Yang Mulia, apa yang terjadi? Lawndale secara tidak sadar menerima identitasnya. Alasannya tidak lain adalah fakta bahwa fitur dan auranya jelas berasal dari bangsawan Dark Elf. Itu cukup untuk membuktikan identitasnya.
“Saya secara tidak sengaja memasuki pusaran air spasial dan baru-baru ini membebaskan diri darinya. Saya tidak tahu banyak waktu telah berlalu. Saya pikir itu baru 100 tahun, ”kata Eugene.
“Oh begitu. Beruntung Anda kembali. Oh, gadis yang diberkati oleh para dewa telah kembali. Oh, ini luar biasa! ” Lawndale bisa merasakan bahwa yang lain berada di puncak Level-8 dan baru berusia sekitar 24 tahun. Apa maksudnya ini? Itu berarti dia memiliki potensi besar dan bisa menjadi sosok Legendaris.
Untuk memiliki kerajaan yang berbakat kembali ke ras yang melemah itu sangat mengasyikkan!

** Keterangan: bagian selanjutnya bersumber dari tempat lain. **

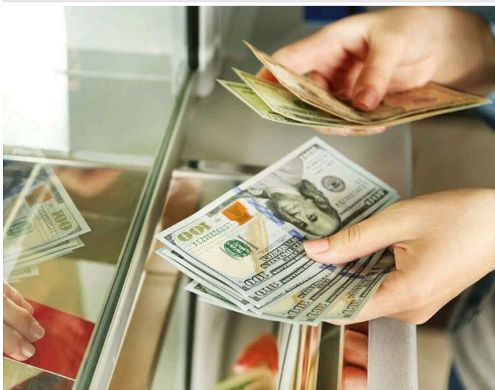
6,5 років за "сувенірний" обмін: у Києві засудили серійного шахрая, який викрав понад 3,5 мільйона гривень

На зміну валюті — «сувеніри»: київського серійного шахрая засуджено до 6,5 років ув'язнення.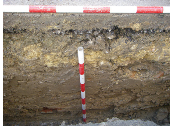
* Avenida de Miguel de Cervantes.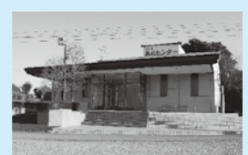
鴻巣典礼センター

このす商工葬祭はどなたでもご利用できます 24時間 365日対応 事前相談承ります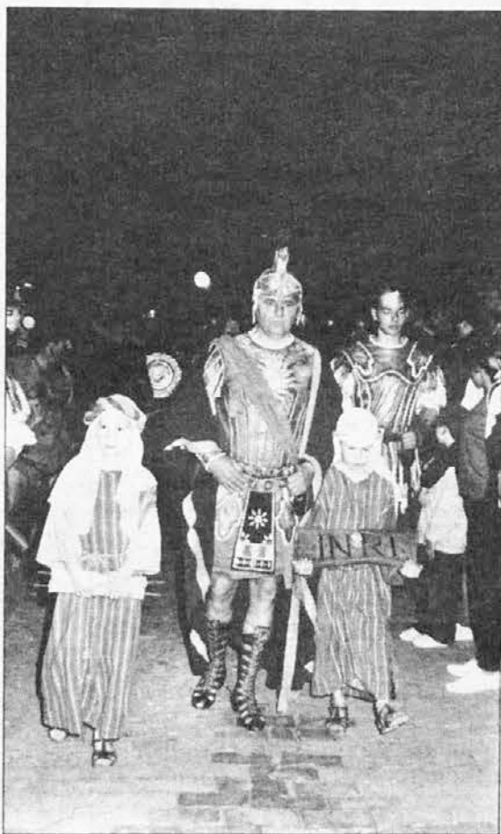
Rimski stotnik vodi križanje.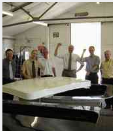
Il team responsabile per l'infusione ad Aquafibre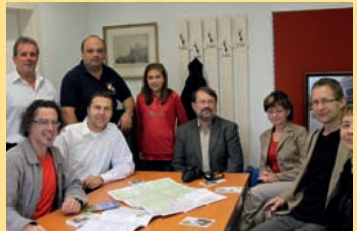
Gemütliche Runde im Rathaus Senftenberg.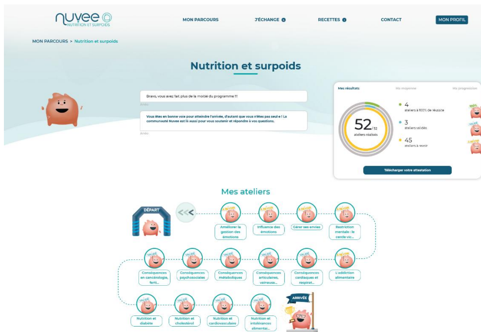
Figure 1 - Capture d'écran d'un parcours Nuvee sur la thématique « Nutrition-Surpoids »

Le parcours d'apprentissage est imaginé comme une succession de niveaux à passer, à la manière d'un jeu de plateau, représentés par les ateliers.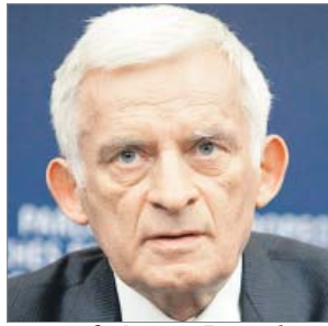
prof. Jerzy Buzek poseł Parlamentu Europejskiego, był jego przewodniczącym w latach 2009-2012, premier RP w latach 1997-2001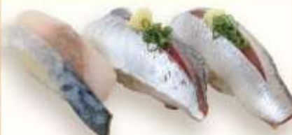
自家製しめさば あじ いわし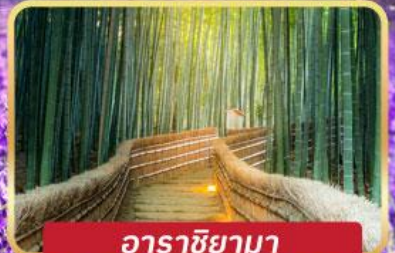
อาราชิยามา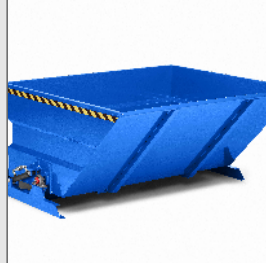
Großraumkipper Typ RGK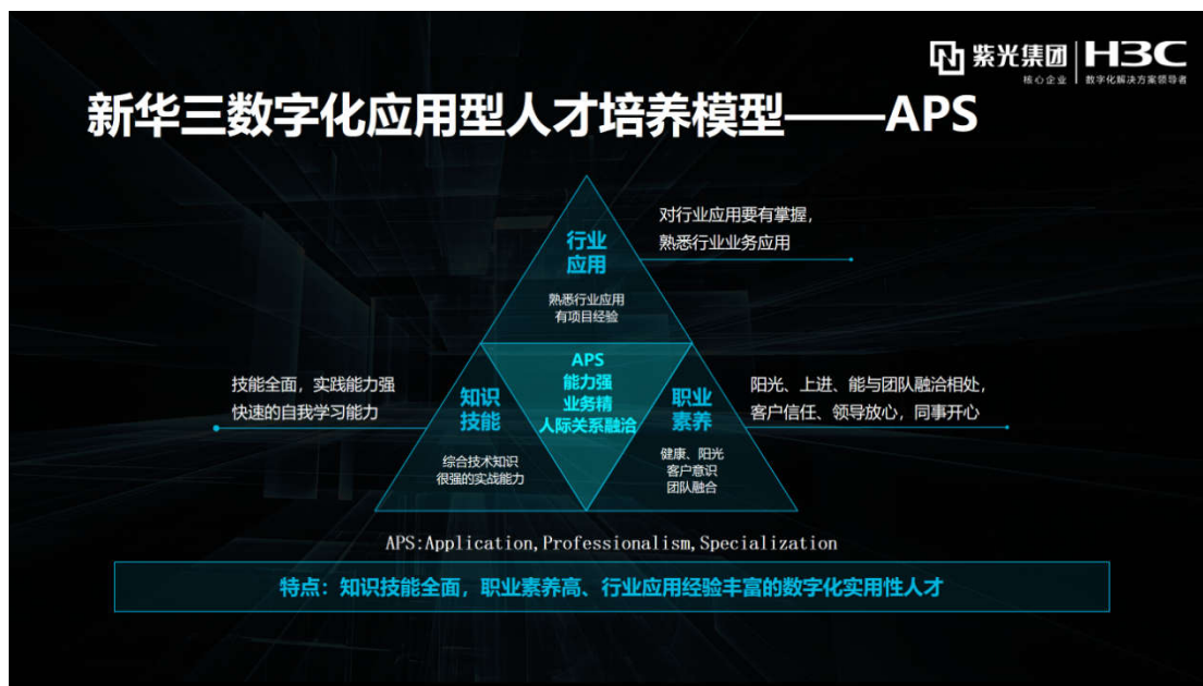
图 2 人才核心能力培养模型

通过技术培训、职业规划、大赛锻炼等方式培养“零距离”上岗，综合素质达到企业要求的优秀毕业生。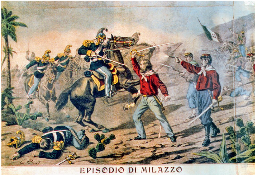
EPISODIO DI MILAZZO

Garibaldi im Kampf während des Zugs der Tausend.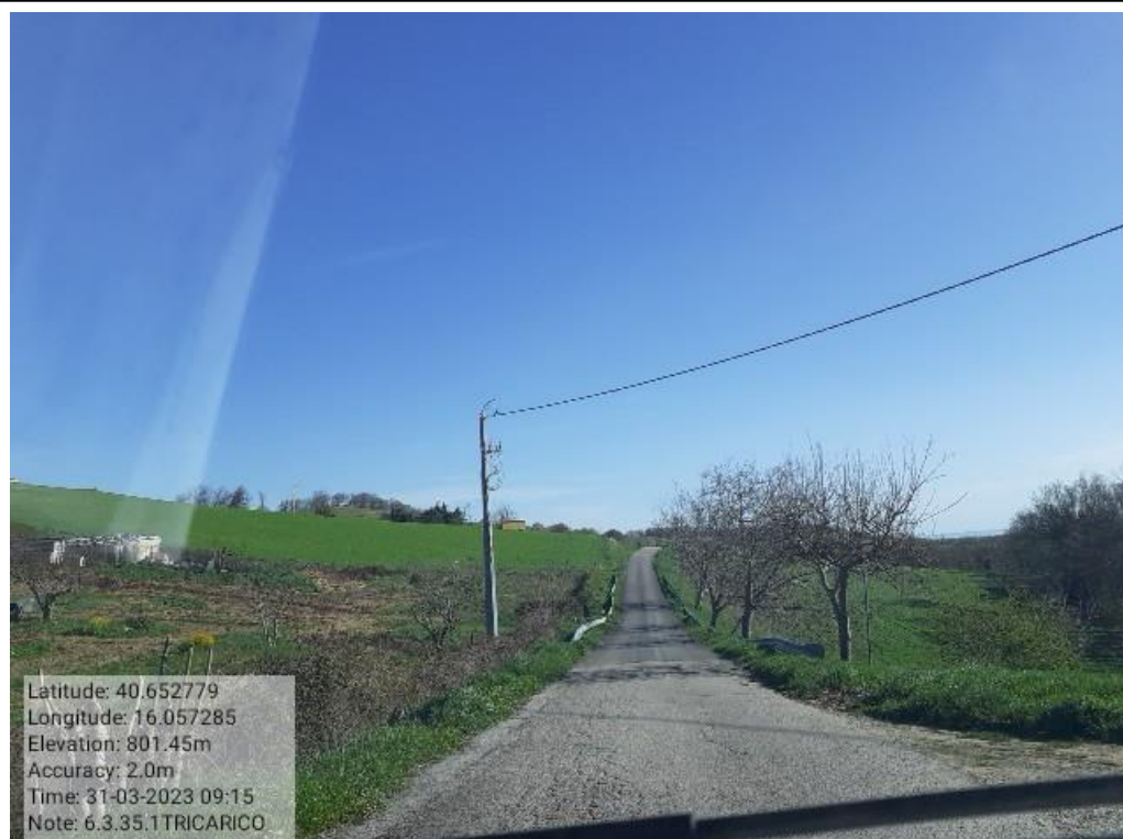
INTERVENTO 6.3.35 - TRICARICO STRADA COMUNALE TRIONTE FG19-19-20-31-32-42 Foto n.75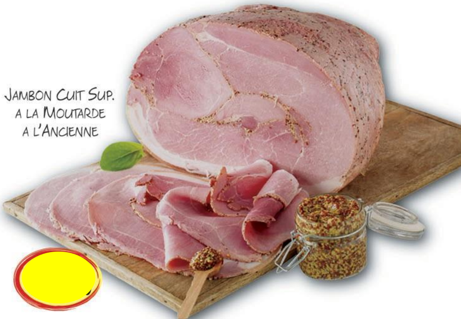
JAMBON CUIT SUP. A LA MOUTARDE A L'ANCIENNE

Di sisi lain, Eugene tahu segalanya tentang pemikiran Lawndale. Menunggu dia tenang, dia tersenyum. “Lawndale, saya melihat Silver Storm Sparrow. Apakah kita sudah memulihkan hubungan kita dengan para High Elf? ”
“Oh, Yang Mulia, dunia telah sangat berubah. Silakan duduk. Saya akan memberi tahu Anda apa yang terjadi selama 300 tahun ini. Anda harus tahu. ”
Eugene tersenyum lagi. Tubuhnya terlalu luar biasa. Tidak hanya berbakat, tapi juga cantik. Tidak heran jika Dark Elf ini ketakutan dan menyebutnya sebagai “gadis yang diberkati oleh para dewa.” Dia dengan mudah mengguncang Lawndale yang biasanya tenang.
Kembali ketika Lawndale pergi ke selatan, dia bisa bertindak kejam terhadap keindahan manusia. Ini berbeda. Yang lainnya adalah putri rasnya. Dia adalah mawar tanpa cela yang berkilau samar di bawah cahaya bintang. Dia mabuk.
Karena itu, dia mencoba yang terbaik dan memutar otak untuk mengatakan semua yang dia ketahui tentang daratan. Eugene mendengarkan dengan penuh perhatian.
Ketika Lawndale selesai, Eugene terdiam seolah sedang berpikir keras. Beberapa menit kemudian, dia tertawa kecil. “Tidak sulit berurusan dengan raja Ferde.”